Palace: WHO approval to boost confidence in Sinovac COVID-19 vaccine
Health workers and frontliners receive their 2nd dose of the Sinovac vaccine against COVID-19 held at Marikina Elementary School covered court, Marikina City on May 4, 2021. INQUIRER file photo / Niño Jesus Orbeta
MANILA, Philippines — The World Health Organization’s (WHO) approval of the COVID-19 vaccine developed by Chinese drugmaker Sinovac BioTech could boost the confidence in the jab among Filipinos, Malacañang said Wednesday.
The WHO earlier approved the Sinovac COVID-19 two-dose vaccine CoronaVac for emergency use, making it the second Chinese jab to receive the WHO’s green light.
Sinovac vaccines account for the bulk of COVID-19 jabs available in the country.
“Nagagalak ako sa balitang yan dahil ‘yan ay siguradong makaka-boost ng kumpyansa sa bakuna dahil nadagdagan ‘yung mga institusyon na nagsabi na ligtas at epektibo ang Sinovac na pinakamaraming ginagamit natin sa Pilipinas,” Presidential spokesperson Harry Roque said in an interview.

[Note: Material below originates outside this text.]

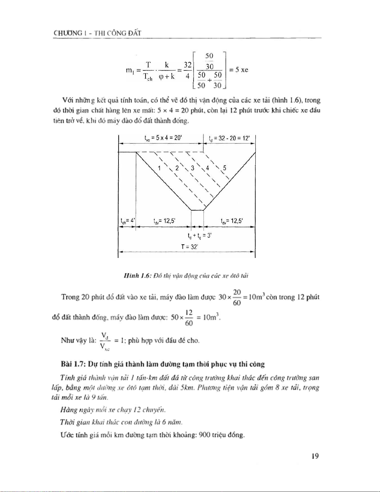 đổ đất thành đống, máy đào làm được: 50 X — = lOrrv. 60 V Như vây là:
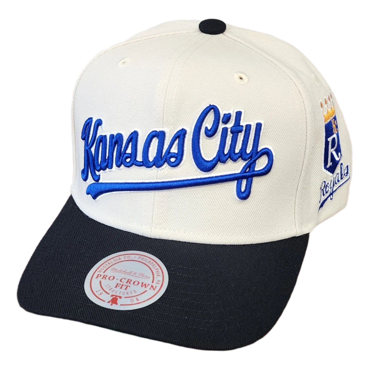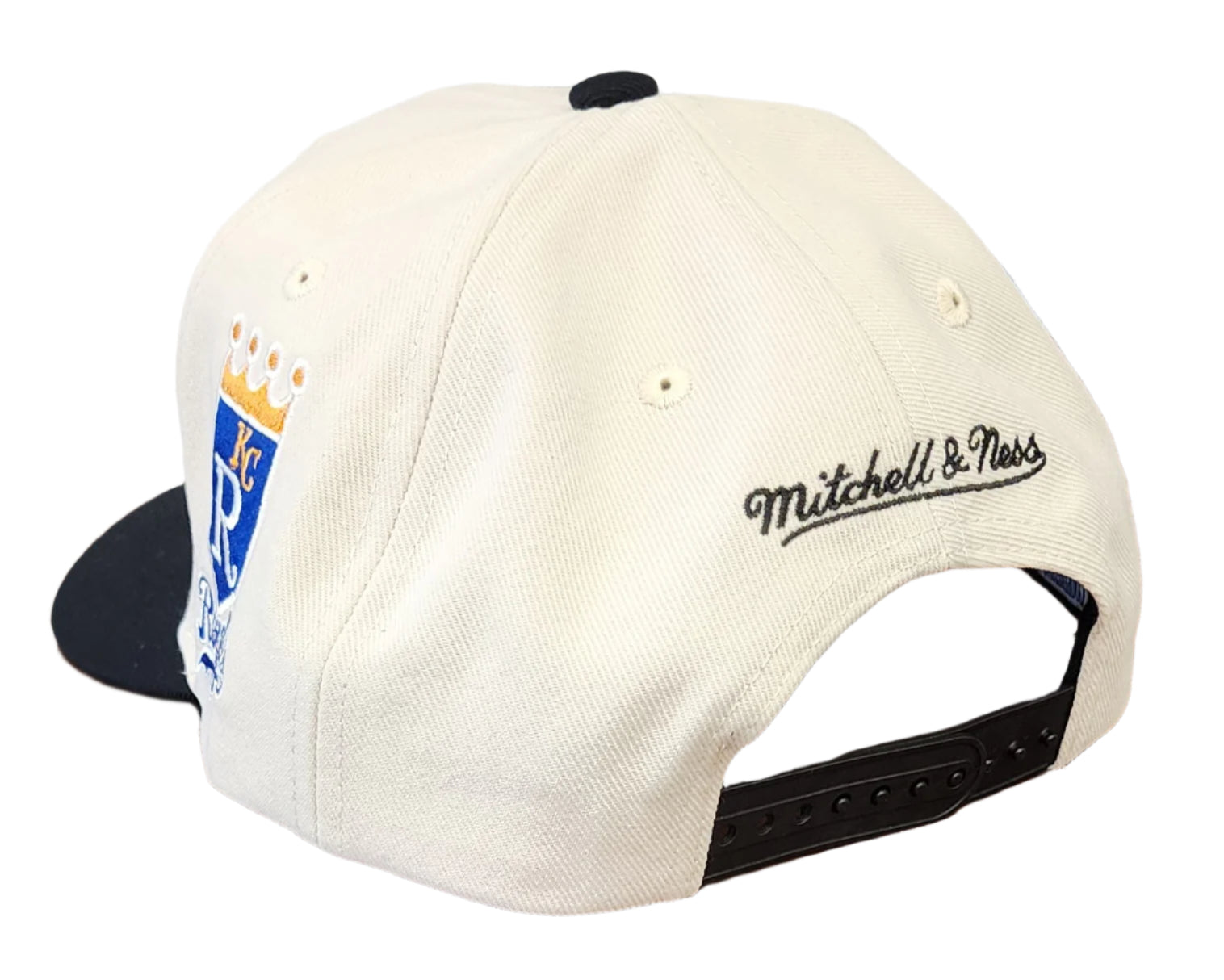 This Mitchell & Ness snapback features an off-white color and embroidered Kansas City Royals logo. Part of the Cooperstown Collection, it's a stylish and classic addition to any sports fan's collection. Made with quality materials and craftsmanship, it's a must-have for any baseball enthusiast.

(I am happy with the news because it will surely boost the public’s confidence in the vaccine since another institution has assured that the vaccine is safe and effective.)
The Philippines has so far received 8.2 million vaccine doses from different manufacturers, of which 5.5 million are from Sinovac.
A recent Social Weather Stations (SWS) survey showed that most or 63% of Filipinos prefer COVID-19 vaccines made in the United States like Pfizer and Moderna vaccines.
WHO chief Tedros Adhanom Ghebreyesus earlier announced that WHO gave the Sinovac jab the green light “after being found to be safe, effective, and quality-assured.”
The WHO said the emergency use listing (EUL) gives countries, funders, procuring agencies, and communities assurance that the vaccine has met international standards.
The organization has also given EUL status to vaccines being made by Pfizer/BioNTech, Moderna, Johnson & Johnson, and the AstraZeneca jab being produced in India, South Korea, and the EU, which it counts separately.
WHO recommends the vaccine to be administered to adults 18 years and older, with the second dose administered two to four weeks after the first jab.
It said vaccine efficacy results showed that the vaccine prevented symptomatic disease in 51% of those vaccinated and prevented severe COVID-19 and hospitalization in 100% of the studied population.